Often, Indigenous ways of knowing are juxtaposed with Western ways of knowing, Stone said, and they wanted to do the opposite in this exhibit. The curators tried to bring those two ways of knowing into conversation, which is part of the reason the exhibit is organized by time of day rather than chronologically.
“We wanted to say, this is a conversation we all have, and we have it in Western science; we have it in Indigenous science. We have it in our stories and all of our cultures,” Stone said.
New Mexico was the third stop in a series of The Atlantic events meant to “surface and engage with the most urgent, complex, and distinctly American questions of the moment in the places where they are unfolding,” according to the event description.
And what is unfolding urgently in New Mexico?
Space, and how to explore it.
New Mexico does have a rich relationship to the stars. The Land of Enchantment is home to ancient astronomy, reflected in the architecture of sites like Chaco Canyon, and home to the largest collection of radio dishes listening to the stars — the Very Large Array in Socorro County. The man who discovered Pluto, astronomer Clyde Tombaugh, was a Las Cruces resident, a city near Spaceport America — a business that promises to be the future of space tourism.
Ross Andersen, one of the magazine’s staff writers, has been exploring a pressing space question in his reporting for the magazine: what kind of space exploration and space science is the United States government willing to pay for?
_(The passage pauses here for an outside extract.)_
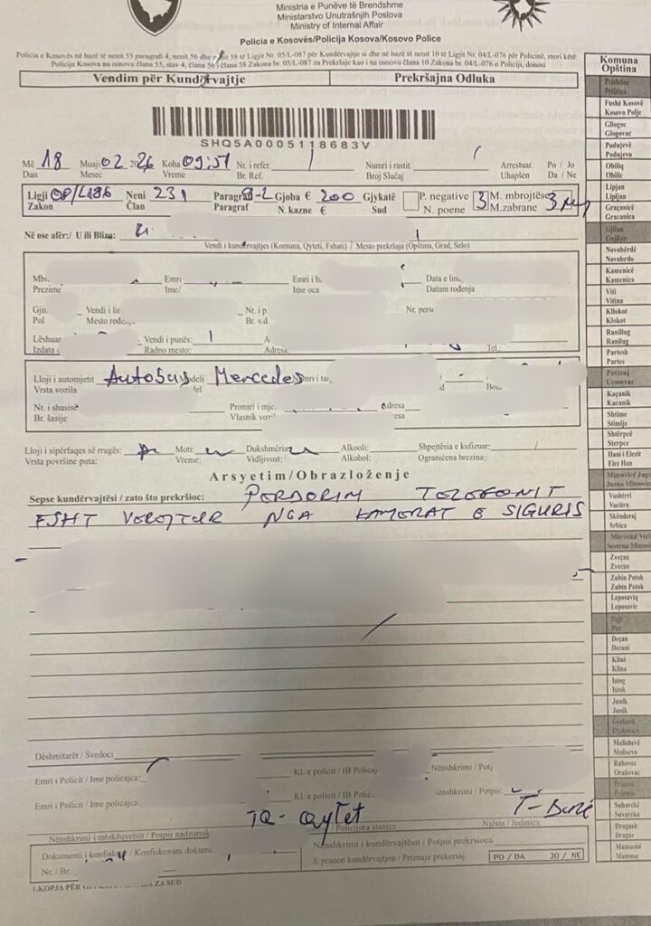 Pas verifikimit, është konstatuar se kjo është hera e dytë që shoferi shkel rregullat, ndaj i është sekuestruar patentë-shoferi dhe i është shqiptuar masa e ndalimit të drejtimit të mjetit motorik për një periudhë prej tre muajsh.

President Donald Trump’s proposed budget called for defunding 40 of NASA’s 124 science missions, including a mission to bring Mars’ rocks back to Earth, while simultaneously increasing funding for sending astronauts back to the moon. In a story for the magazine’s February edition, Andersen explored the effect layoffs and proposed funding cuts had on two of the agency’s densest institutions, the Jet Propulsion Lab in California and the Goddard Space Flight Center in Maryland. His story describes the change in funding priorities as an inward turn.
That pivot has a practical and spiritual effect, he said.
“On the practical dimension, the U.S. has been this kind of attractor for scientific talent, really since the Second World War, where you had refugees from Europe, of course, coming here and making it so our scientific institutions were stocked with the best talent in the world,” Andersen told the Journal.
It is also “a kind of shrinking of the American spirit,” he said.
One of the planetary scientists working on the mission to bring Mars rocks to Earth for further study, Nina Lanza, was interviewed by magazine staff at Wednesday’s event alongside Andersen. Mars is like “a museum of ancient rocks,” because the planet’s surface is much less dynamic than Earth’s, Lanza said. There’s one Mars rock in particular she’d like to bring home, because it appears to have signs of past microbial life. While the mission is zeroed out in the budget, the Mars rocks are still there, Lanza said.
“We can still change our mind. We can still go get them,” she said.